First published 1966. Along with the others in Arnold’s series, this is an extraordinary work of scholarship. Arnold’s beautiful and highly detailed schematic drawings and graphed pattern diagrams, along with her highly informative text, give detailed and extremely accurate information about the construction of specific historical garments. The background information on costume, and the general construction information, are also quite valuable. The garments included tend to be fashionable in nature, rather than ordinary or work-oriented, some periods are less well-represented than others, and there is very little information about undergarments or accessories, but ultimately, there is only so much that fit into any book. This volume includes excellent introductory information; details about the history of pattern-drafting, tailoring, and dressmaking from the book’s period of focus; “A Practical Guide to the Use of the Patterns;” and patterns for numerous gowns, including some by famous designers (see below for further details). Altogether, the usefulness and accuracy of the book can hardly be overstated. This book, along with others by Janet Arnold, is widely recommended by costumers both historical and theatrical. I wholeheartedly recommend Arnold’s books. The book is instructional. The images are monochrome. It contains a bibliography of primary sources.

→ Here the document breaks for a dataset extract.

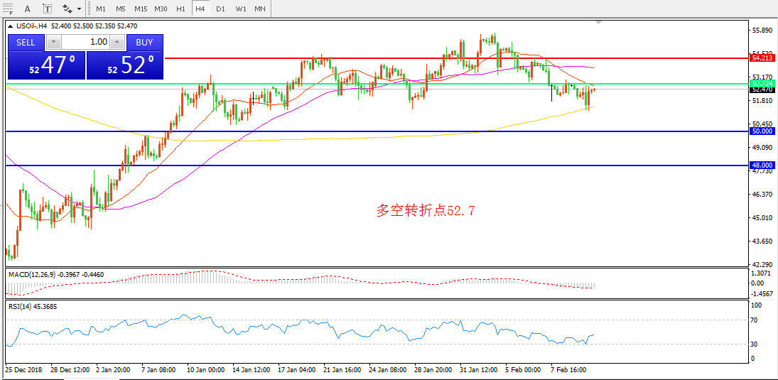 交易策略:在52.70之下看跌,目标50.00  48.00
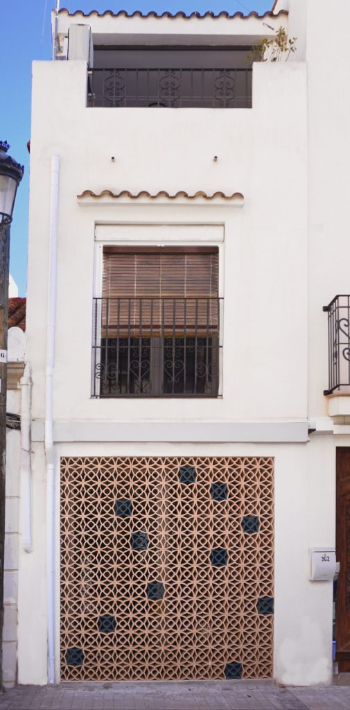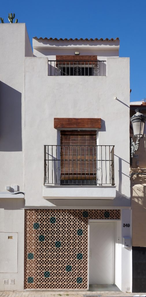 Los acabados buscan crear un conjunto sencillo donde destaquen solo algunos elementos particulares; en fachadas, se conservan las rejerías y se renueva el acabado continuo en blanco en las plantas superiores, incorporando en la planta baja una celosía cerámica, que en conjunto con los colores y su dibujo busca un recuerdo de los elementos tradicionales del barrio, permitiendo también la entrada de luz y la privacidad en planta baja.

I personally own this book, and would highly recommend it.
Also by Janet Arnold:
- Patterns of Fashion 1: Englishwomen’s dresses and their construction c. 1660-1860
- (Arnold’s other books in this series focus on earlier periods, which I have thus far not focused on, and I have therefore not used or reviewed those books, but I know them to be widely considered reliable sources.)
- A Handbook of Costume
Note: Famous designers whose works are patterned in this book include Lucien Lelong (c. 1920-2 day dress and jacket, pages 70 and 71), Madeleine Vionnet (c. 1918 evening dress, pages 68-69; c. 1920 afternoon dress and c. 1925 evening dress, pages 72 and 73; c. 1921-2 evening dress, pages 74 and 75; c. 1929-30 evening dress, pages 78 and 80) and Schiparelli (1938 evening dress and 1940 dinner dress, pages 86 and 87).